A family returns to their hometown—and to the dark past that haunts them still—in this masterpiece of literary horror by the New York Times bestselling author of Wanderers
Long ago, Nathan lived in a house in the country with his abusive father—and has never told his family what happened there.
Long ago, Maddie was a little girl making dolls in her bedroom when she saw something she shouldn’t have—and is trying to remember that lost trauma by making haunting sculptures.
Long ago, something sinister, something hungry, walked in the tunnels and the mountains and the coal mines of their hometown in rural Pennsylvania.
Now, Nate and Maddie Graves are married, and they have moved back to their hometown with their son, Oliver.
And now what happened long ago is happening again . . . and it is happening to Oliver. He meets a strange boy who becomes his best friend, a boy with secrets of his own and a taste for dark magic.
This dark magic puts them at the heart of a battle of good versus evil and a fight for the soul of the family and perhaps for all of the world. But the Graves family has a secret weapon in this battle: their love for one another.
When I read Wanderers by Chuck Wendig in 2019 it became my Top Book of the year. Why then has it taken me so long to pick up The Book of Accidents!
This is a fabulous story and one that is a mix of horror, mystery, murder, supernatural and a whole lot of other stuff. The focus is on the Graves family, Father Carl, Mother Maddie and Son Oliver. They have just moved into Carl’s father’s house after his father had died. Carl didn’t have a good relationship with his father, there is bitterness and anger, and even a feeling of being glad that his father had passed away.
Starting a new life away from Philly and being a cop, Nate is hoping for a more relaxed life. One that will allow Maddie to create her art and for Oliver to find some piece from the trauma of being at school. Oliver is a sensitive child, he picks up on others’ feelings and finds it all overwhelming.
The feeling is something that runs deep in this novel, the feeling of something sinister lurking waiting for the author to unleash it. The feeling that there is more to this story than meets the eye.

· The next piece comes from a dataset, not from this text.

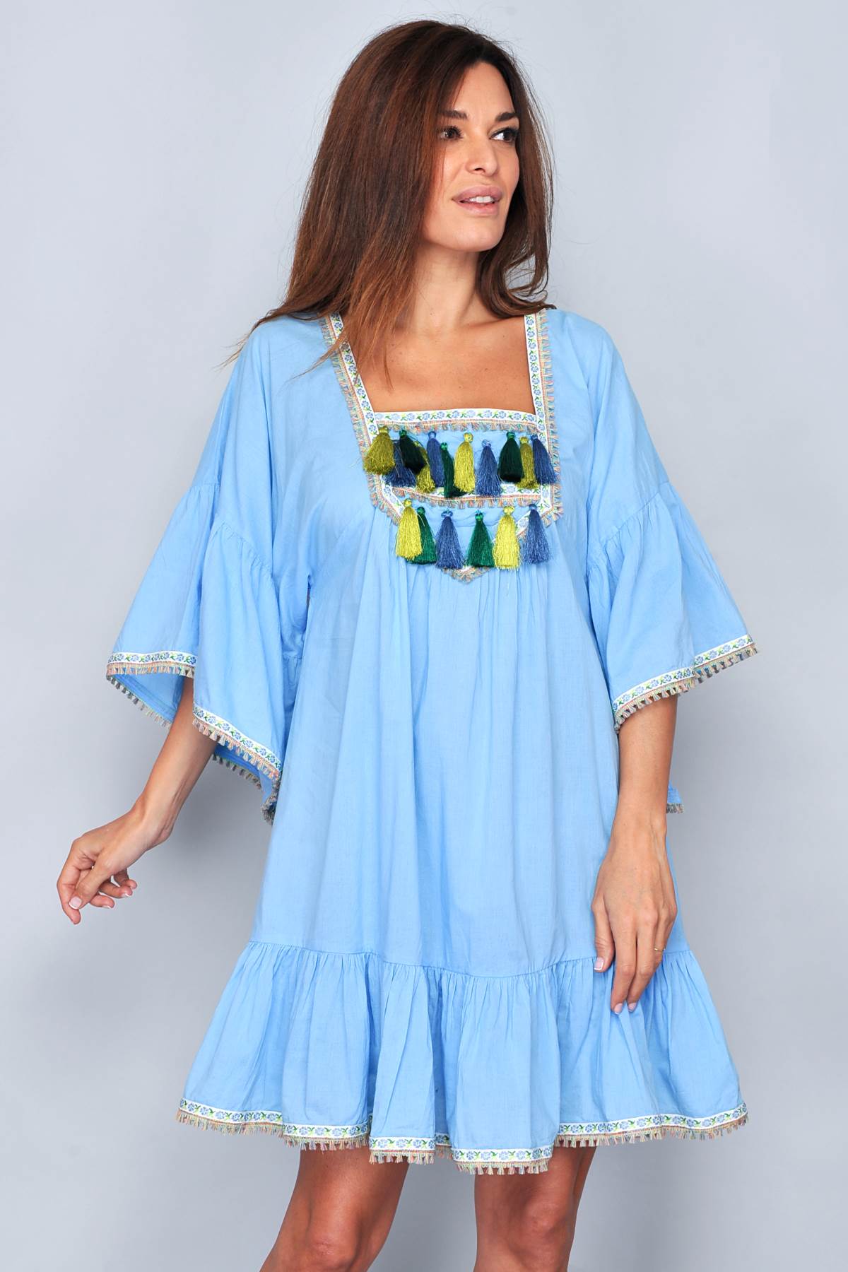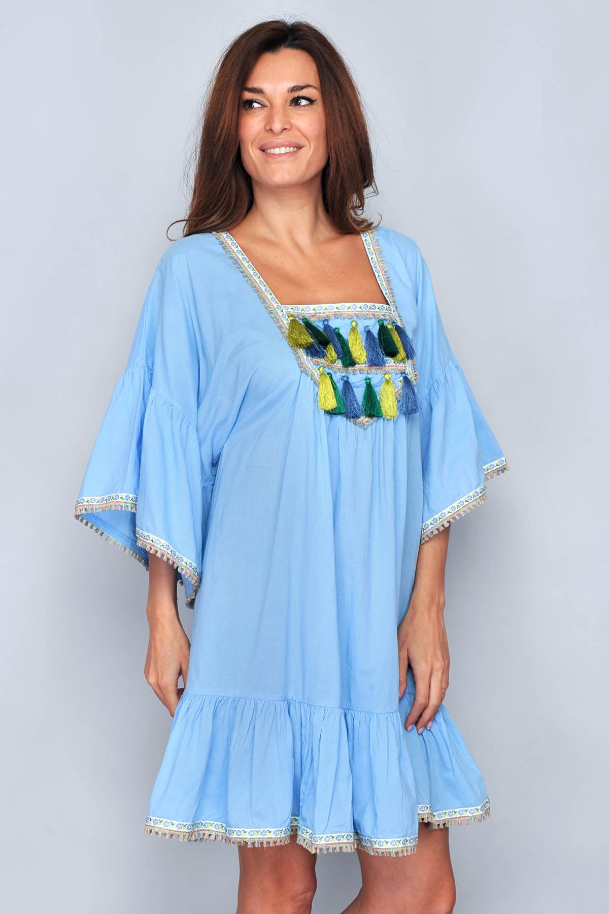 Home Vestido 311B3 - Tam. S -7% Vestido 311B3 - Tam. S 0 unidades em stock | SKU: B2775P.S 13,95 € 15,00 € Desconto de 7%. IVA incluído. Dia Internacional da Mulher Desconto imediato de 0,00 € (7%) neste produto. Válido de 2 de Março de 2026 às 00:00 até 9 de Março de 2026 às 00:00. Compre este produto e ganhe 69 Pontos! O produto encontra-se sem stock. Adicionar à wishlist Vestido de decote quadrado. Cor turquesa. Franjinhas verdes, pretas e azuis. SELECIONE O TAMANHO NO MENU. Composição: 100% Algodão. Fabrico: Índia. Lavagem: Lave separadamente as cores fortes. Mais artigos de moda, AQUI. Marca Não definida Características Partilhar

Then there is the feeling of unfinished business and events that are unfolding in the town.
There was a series of murders in the area, and the man was caught, imprisoned and electrocuted. Then the mystery of why the boulder-strewn park is so notorious and why the tunnel is officially a no-go area.
There is a lot going on in this book and the author lays it out in a way that allows you to get to grips with some of the characters before introducing more. There isn’t an over-abundance of characters, instead, there are a lot of subplots, and plots within sub-plots. Again brilliantly executed and allows the reader to keep up to speed even though not necessarily know where the author is planning on going.
This is a horror, and while there are some gory moments, I didn’t find it scary. I was more intrigued by the mysteries and wanted to know what the outcomes would be. The tense and intriguing nature of the story makes this such an addictive read. Mysteries deepen, more questions form and the story goes on a wonderful rollercoaster of a journey.
The synopsis is good to tempt but comes nowhere near to giving anything much away, which is why this is such a vague review. The family concerned is one that I was rooting for, nothing however is guaranteed and I was on tenterhooks for a large part of the story as to what eventualities they would find themselves in.
This is a brilliant story and at 500+ pages it is one that you can really get your teeth into, so to speak. I think this is one that would interest a good many readers as it does span several genres. I thought it was a cracking read and I would absolutely recommend it.